On 10/29/22 13:30, Linus Torvalds wrote:
>> I can think of three options:
>>
>> (a) filesystems just deal with it
>>
>> (b) we could move the "page_remove_rmap()" into the "flush-and-free" path too
>>
>> (c) we could actually add a spinlock (hashed on the page?) for this
>>
>> I think (a) is basically our current expectation.
>
> Side note: anybody doing gup + set_page_dirty() won't be fixed by b/c
> anyway, so I think (a) is basically the only thing.
>
> And that's true even if you do a page pinning gup, since the source of
> the gup may be actively unmapped after the gup.

I was just now writing a response that favored (c) over (b), precisely
because of that, yes. :)

>
> So a filesystem that thinks that only write, or a rmap-accessible mmap
> can turn the page dirty really seems to be fundamentally broken.
>
> And I think that has always been the case, it's just that filesystem
> writers may not have been happy with it, and may not have had
> test-cases for it.
>
> It's not surprising that the filesystem people then try to blame users.
>
> Linus

Yes, lots of unhappy debates about this over the years.

However, I remain intrigued by (c), because if we had a "dirty page lock"
that is looked up by page (much like looking up the ptl), it seems like
a building block that would potentially help solve the whole thing.

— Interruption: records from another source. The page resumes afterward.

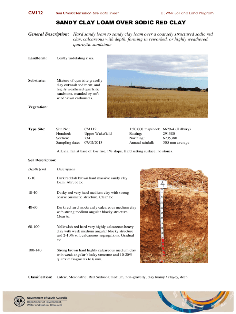 CM112Soil Characterization Site data sheetDEWNR Soil and Land ProgramSANDY CLAY LOAM OVER SONIC RED CLAY
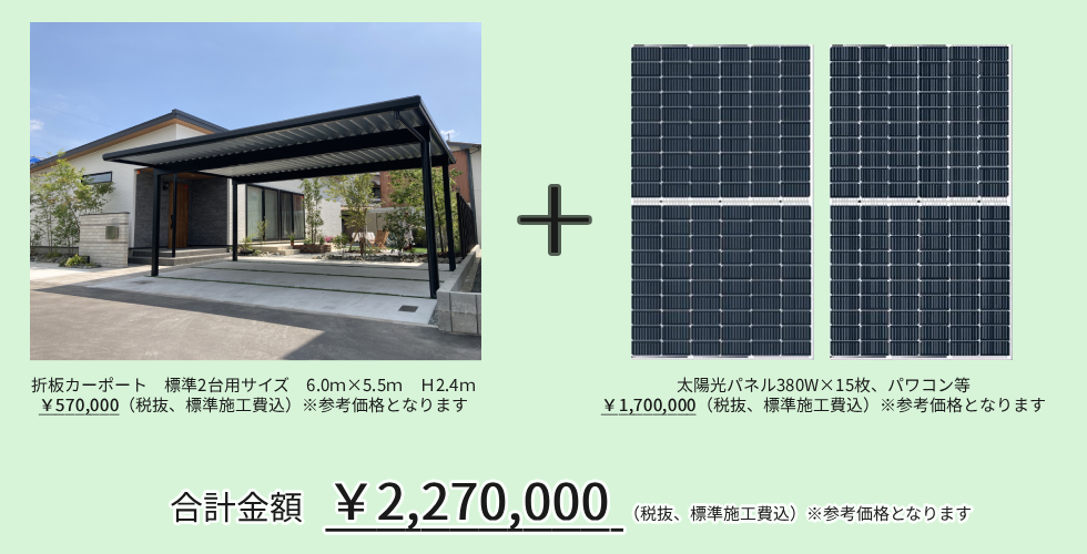 折板カーポート年間販売台数128台(2020年度)のガーデン光房の実績と、メガソーラー事業をおこなっているサンホームの協同ではじめて実現する、価格と品質です。
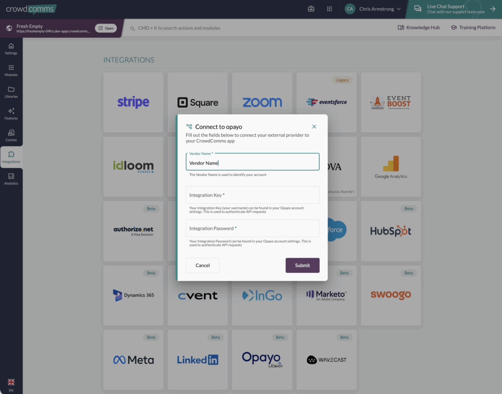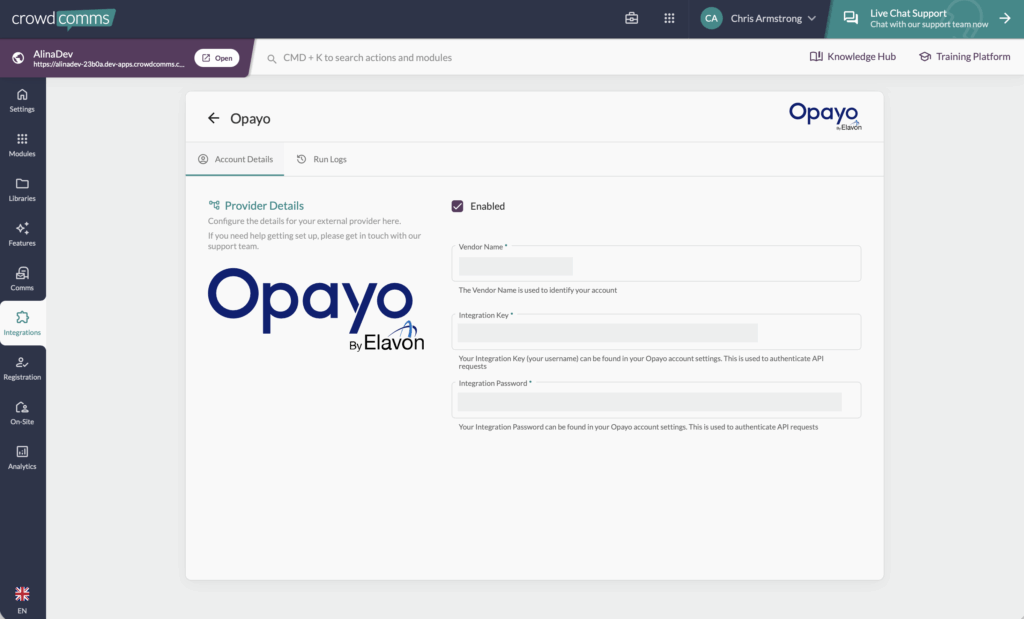 Once you have these pieces of information, open the CrowdComms Dashboard, navigate to the event you wish to setup the integration within, select Integrations from the left hand menu and choose Opayo.
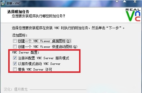 双击“vnc-E4_2_9-x86_win32_CHS.exe”进行安装,同样一直下一步,直到下图两项需要勾选
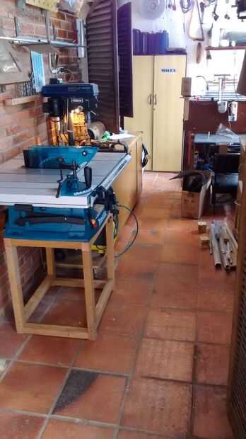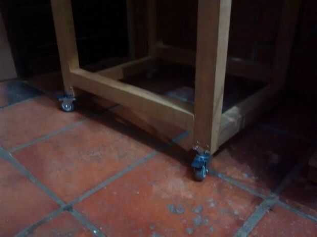 Base feita com caibros de peroba 4 x 5 cm. Utilizei un própria serra para cortar. Instalei 4 rodas com freio com industrias de 30 kg cada. Fazer de de fácil de Projeto muito simples e
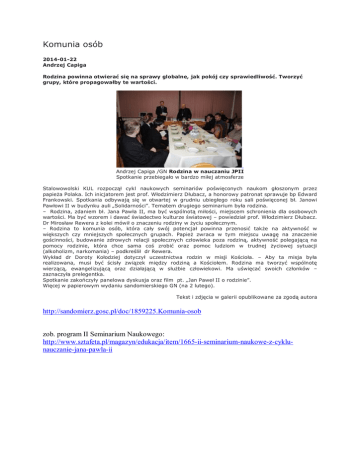 Komunia osób 2014-01-22 Andrzej Capiga Rodzina powinna otwierać się na sprawy globalne, jak pokój czy sprawiedliwość. Tworzyć grupy, które propagowałby te wartości. Andrzej Capiga /GN Rodzina w nauczaniu JPII Spotkanie przebiegało w bardzo miłej atmosferze Stalowowolski KUL rozpoczął cykl naukowych seminariów poświęconych naukom głoszonym przez papieża Polaka. Ich inicjatorem jest prof. Włodzimierz Dłubacz, a honorowy patronat sprawuje bp Edward Frankowski. Spotkania odbywają się w otwartej w grudniu ubiegłego roku sali poświęconej bł. Janowi Pawłowi II w budynku auli „Solidarności”. Tematem drugiego seminarium była rodzina. – Rodzina, zdaniem bł. Jana Pawła II, ma być wspólnotą miłości, miejscem schronienia dla osobowych wartości. Ma być wzorem i dawać świadectwo kulturze światowej – powiedział prof. Włodzimierz Dłubacz. Dr Mirosław Rewera z kolei mówił o znaczeniu rodziny w życiu społecznym. – Rodzina to komunia osób, która cały swój potencjał powinna przenosić także na aktywność w większych czy mniejszych społecznych grupach. Papież zwraca w tym miejscu uwagę na znaczenie gościnności, budowanie zdrowych relacji społecznych człowieka poza rodziną, aktywność polegającą na pomocy rodzinie, która chce sama coś zrobić oraz pomoc ludziom w trudnej życiowej sytuacji (alkoholizm, narkomania) – podkreślił dr Rewera. Wykład dr Doroty Kołodziej dotyczył uczestnictwa rodzin w misji Kościoła. – Aby ta misja była realizowana, musi być ścisły związek między rodziną a Kościołem. Rodzina ma tworzyć wspólnotę wierzącą, ewangelizującą oraz działającą w służbie człowiekowi. Ma uświęcać swoich członków – zaznaczyła prelegentka. Spotkanie zakończyły panelowa dyskusja oraz film pt. „Jan Paweł II o rodzinie”. Więcej w papierowym wydaniu sandomierskiego GN (na 2 lutego). Tekst i zdjęcia w galerii opublikowane za zgodą autora http://sandomierz.gosc.pl/doc/1859225.Komunia-osob zob. program II Seminarium Naukowego: http://www.sztafeta.pl/magazyn/edukacja/item/1665-ii-seminarium-naukowe-z-cyklunauczanie-jana-pawla-ii
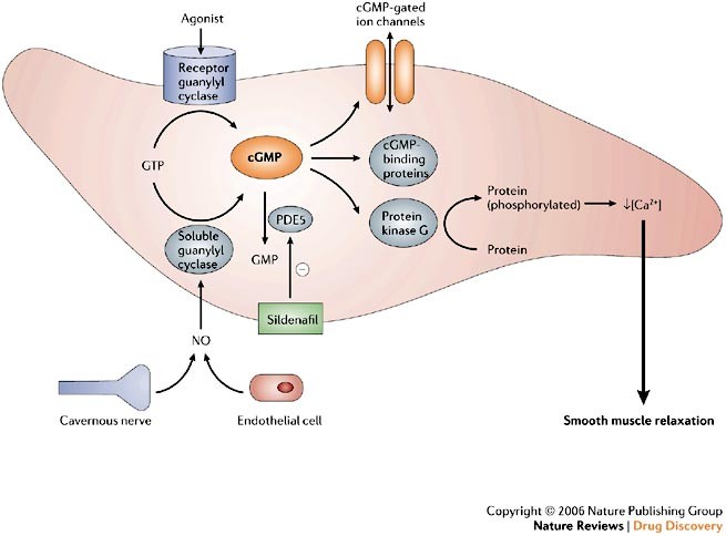 cGMP (Cyclic Guanosine Monophosphate) هو مركب له دورًا مهمًا في ارتخاء العضلات الملساء Smooth muscles في الاوعية الدموية و بالتالي لتوسيع الأوعية الدموية.
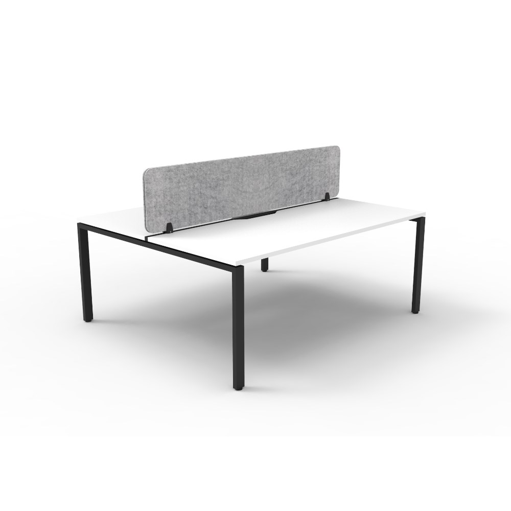 2 person double sided workstation with White top and Black Satin frame, Grey Eco screen.
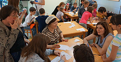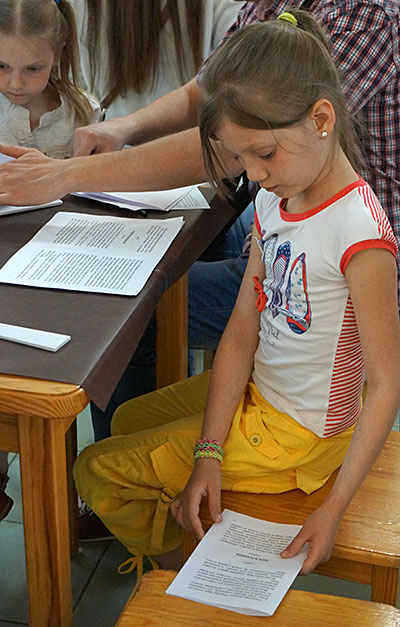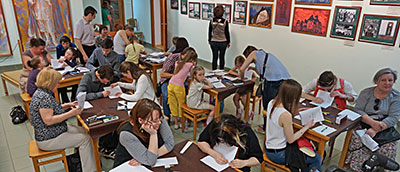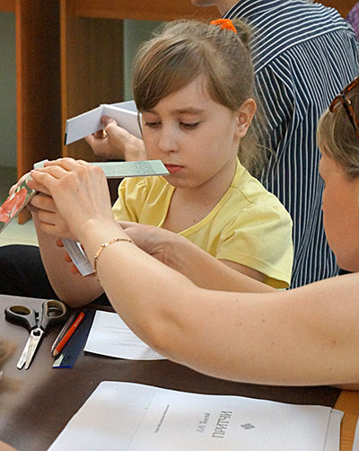 Мастер-класс Алексея Цыганкова по изготовлению книги занял четыре часа. Младшие участники немного утомились, однако высидели до конца наравне со взрослыми и результатом были довольны. Ещё бы, ведь они собственными руками изготовили настоящую толстую книжку в твёрдом переплёте с золотистыми буквами.
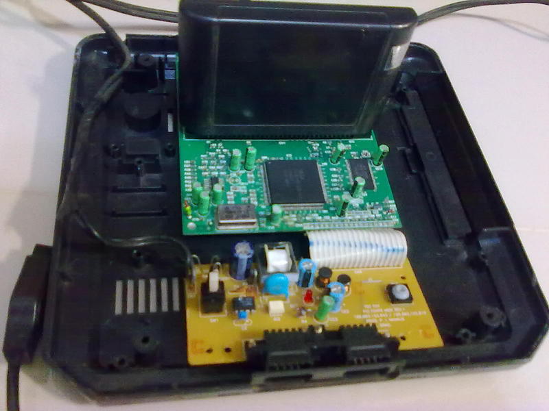 O console é daqueles mais novos, onde tudo é simplificado e a placa é minúscula. É possível perceber que não tem uma fonte de alimentação separada, o circuito transformador de tensão é feito principalmente através de um conjunto de diodos e conta com um mini transformadorzinho que já está barulhento por sinal. Nota-se que essa "fonte" está embutida na mesma placa que recebe os conectores dos controles.

The above points about "file system needs to coordinate with mm about
what's allowed to be dirtied, including gup/dma cases", those are still
true and not yet solved, yes. But having a solid point of synchronization
for this, definitely looks interesting.

Of course, without working through this more thoroughly, it's not fair
to impose this constraint on the current discussion, understood. :)

thanks,
--
John Hubbard
NVIDIA